__Assignment__.
Begin at the line containing "待南瓜稍熟时放进糖和辣椒丁提辣提色。" in the records below, end at the line containing "Envoyez par email", and retype each line in that span exactly. No other line and no image should appear.

__Input records__.

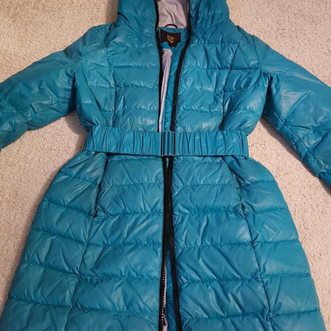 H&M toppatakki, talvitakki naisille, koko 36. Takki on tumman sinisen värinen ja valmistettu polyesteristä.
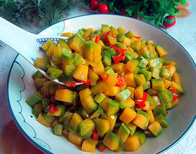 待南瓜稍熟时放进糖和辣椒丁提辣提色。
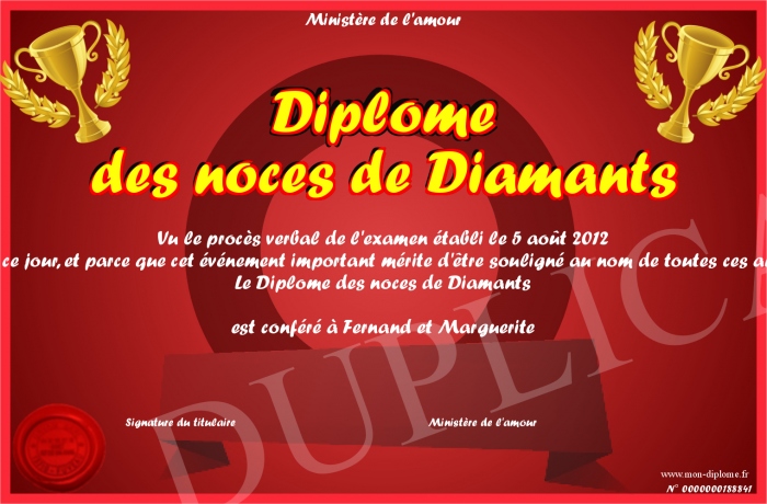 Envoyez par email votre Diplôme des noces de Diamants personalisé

...

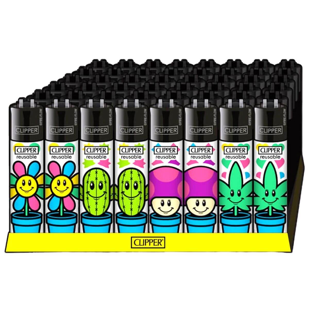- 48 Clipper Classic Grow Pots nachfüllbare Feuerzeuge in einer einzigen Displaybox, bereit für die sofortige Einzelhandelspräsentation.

__Written solution__.
 待南瓜稍熟时放进糖和辣椒丁提辣提色。
 Envoyez par email votre Diplôme des noces de Diamants personalisé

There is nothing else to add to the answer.